===== Exercise input =====

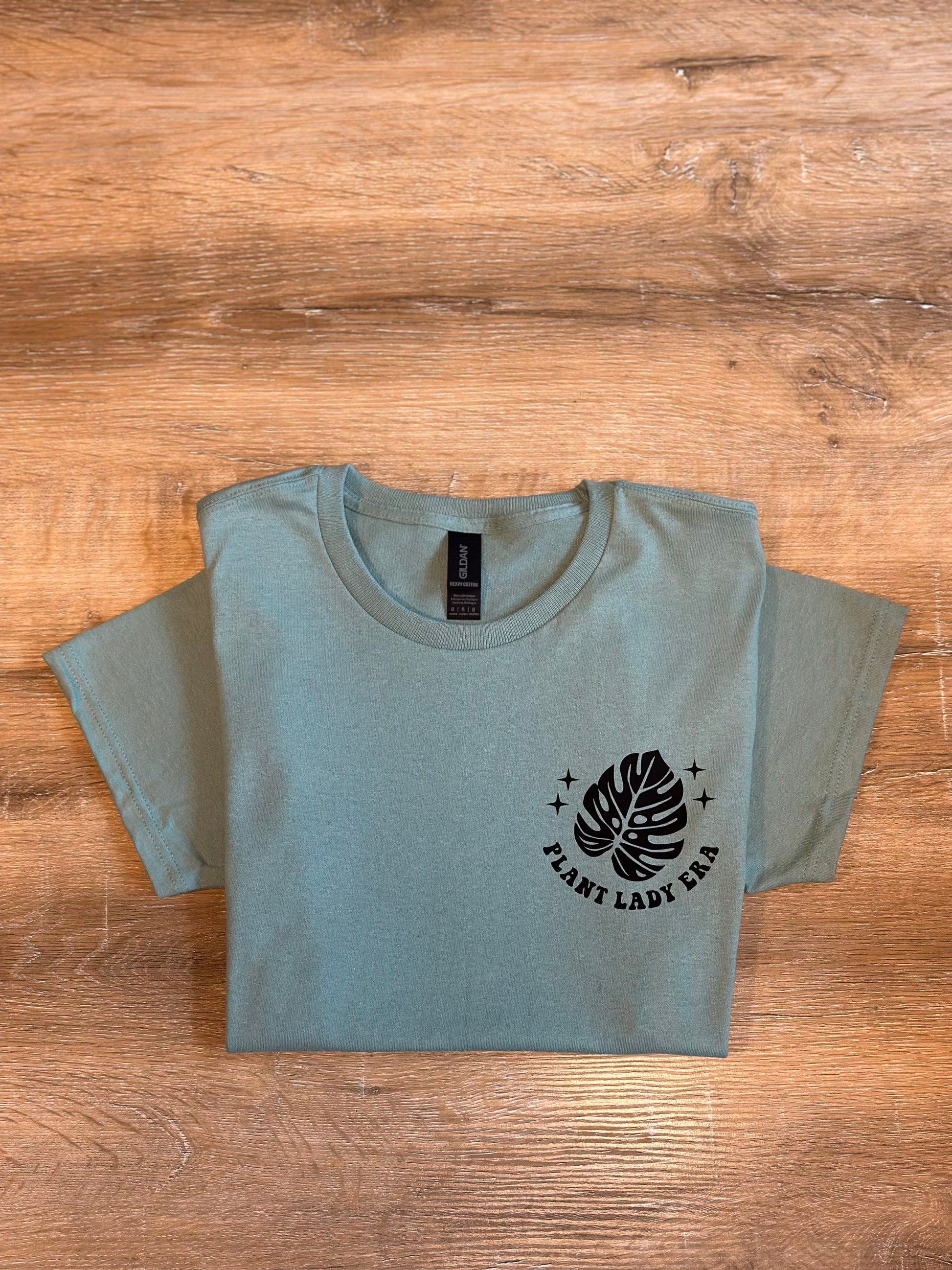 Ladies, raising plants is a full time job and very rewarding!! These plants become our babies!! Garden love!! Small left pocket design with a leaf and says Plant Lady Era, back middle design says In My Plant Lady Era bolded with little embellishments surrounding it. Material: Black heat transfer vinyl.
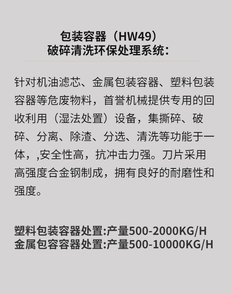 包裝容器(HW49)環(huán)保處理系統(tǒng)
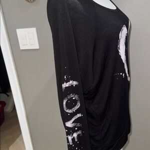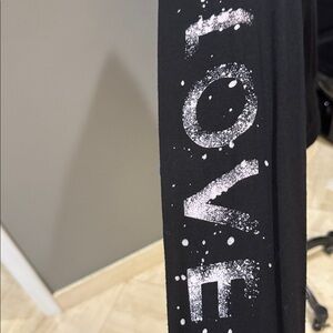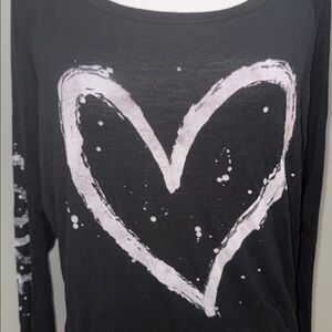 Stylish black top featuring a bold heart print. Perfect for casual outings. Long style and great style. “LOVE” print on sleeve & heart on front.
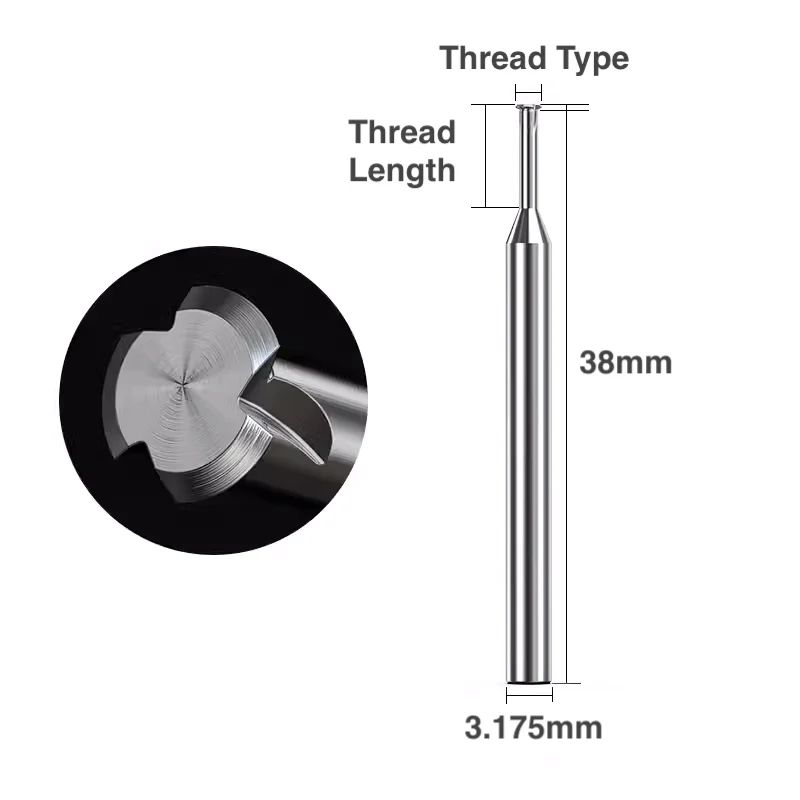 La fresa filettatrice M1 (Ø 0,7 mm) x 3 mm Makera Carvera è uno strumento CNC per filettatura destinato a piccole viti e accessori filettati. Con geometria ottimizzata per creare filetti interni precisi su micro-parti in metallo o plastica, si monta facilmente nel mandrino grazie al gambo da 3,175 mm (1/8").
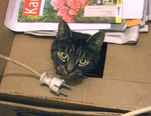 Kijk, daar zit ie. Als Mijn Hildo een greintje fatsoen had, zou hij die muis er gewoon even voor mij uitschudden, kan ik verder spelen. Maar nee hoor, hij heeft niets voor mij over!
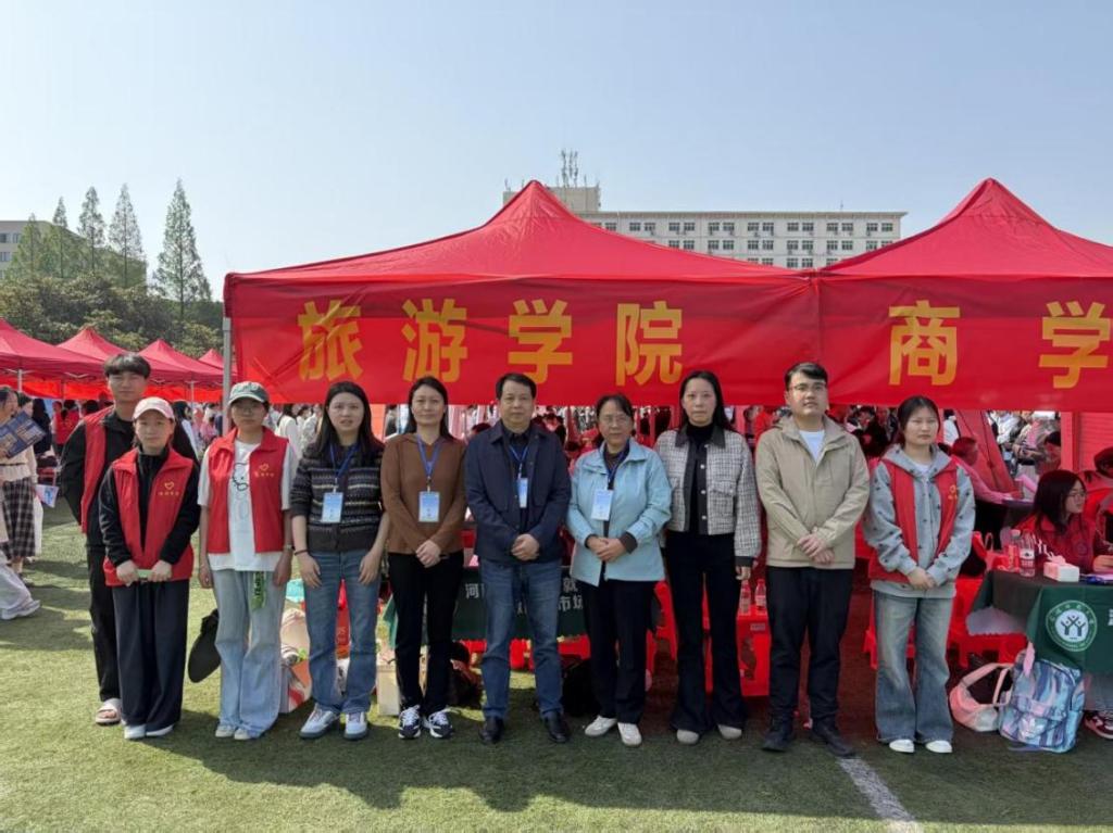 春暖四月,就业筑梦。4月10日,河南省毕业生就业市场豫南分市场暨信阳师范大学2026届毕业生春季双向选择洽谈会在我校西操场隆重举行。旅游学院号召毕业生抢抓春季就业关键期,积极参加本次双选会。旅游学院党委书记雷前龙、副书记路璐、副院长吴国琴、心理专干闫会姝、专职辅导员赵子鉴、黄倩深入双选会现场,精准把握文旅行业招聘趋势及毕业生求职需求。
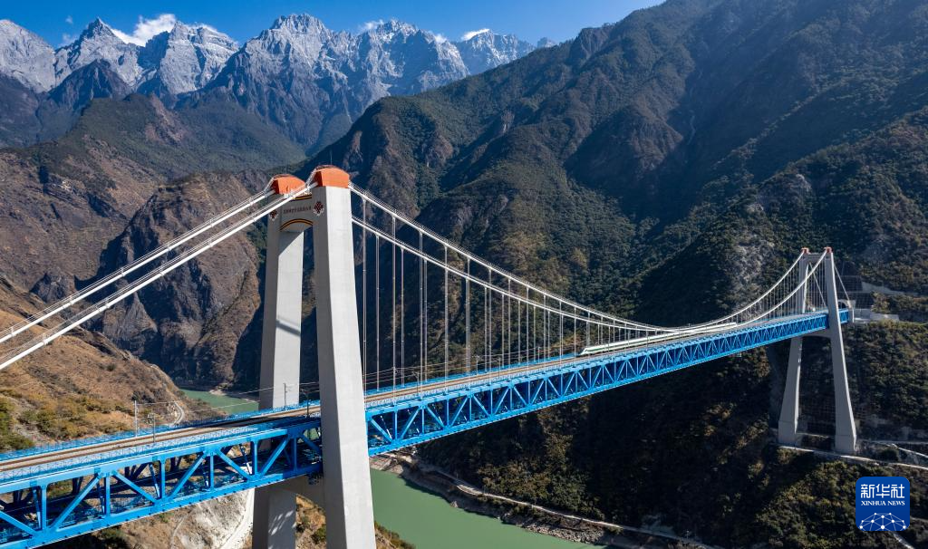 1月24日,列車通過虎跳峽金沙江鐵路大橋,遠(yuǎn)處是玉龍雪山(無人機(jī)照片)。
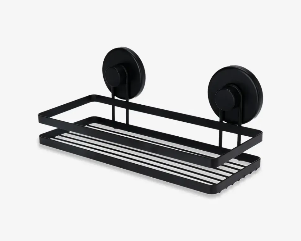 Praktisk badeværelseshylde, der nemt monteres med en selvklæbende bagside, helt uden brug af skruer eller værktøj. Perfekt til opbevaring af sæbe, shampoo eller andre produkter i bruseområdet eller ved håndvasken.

=====

The whole listing above is to be printed again exactly; pictures stay out of it.

 Ladies, raising plants is a full time job and very rewarding!! These plants become our babies!! Garden love!! Small left pocket design with a leaf and says Plant Lady Era, back middle design says In My Plant Lady Era bolded with little embellishments surrounding it. Material: Black heat transfer vinyl.
 包裝容器(HW49)環(huán)保處理系統(tǒng)
 Stylish black top featuring a bold heart print. Perfect for casual outings. Long style and great style. “LOVE” print on sleeve & heart on front.
 La fresa filettatrice M1 (Ø 0,7 mm) x 3 mm Makera Carvera è uno strumento CNC per filettatura destinato a piccole viti e accessori filettati. Con geometria ottimizzata per creare filetti interni precisi su micro-parti in metallo o plastica, si monta facilmente nel mandrino grazie al gambo da 3,175 mm (1/8").
 Kijk, daar zit ie. Als Mijn Hildo een greintje fatsoen had, zou hij die muis er gewoon even voor mij uitschudden, kan ik verder spelen. Maar nee hoor, hij heeft niets voor mij over!
 春暖四月,就业筑梦。4月10日,河南省毕业生就业市场豫南分市场暨信阳师范大学2026届毕业生春季双向选择洽谈会在我校西操场隆重举行。旅游学院号召毕业生抢抓春季就业关键期,积极参加本次双选会。旅游学院党委书记雷前龙、副书记路璐、副院长吴国琴、心理专干闫会姝、专职辅导员赵子鉴、黄倩深入双选会现场,精准把握文旅行业招聘趋势及毕业生求职需求。
 1月24日,列車通過虎跳峽金沙江鐵路大橋,遠(yuǎn)處是玉龍雪山(無人機(jī)照片)。
 Praktisk badeværelseshylde, der nemt monteres med en selvklæbende bagside, helt uden brug af skruer eller værktøj. Perfekt til opbevaring af sæbe, shampoo eller andre produkter i bruseområdet eller ved håndvasken.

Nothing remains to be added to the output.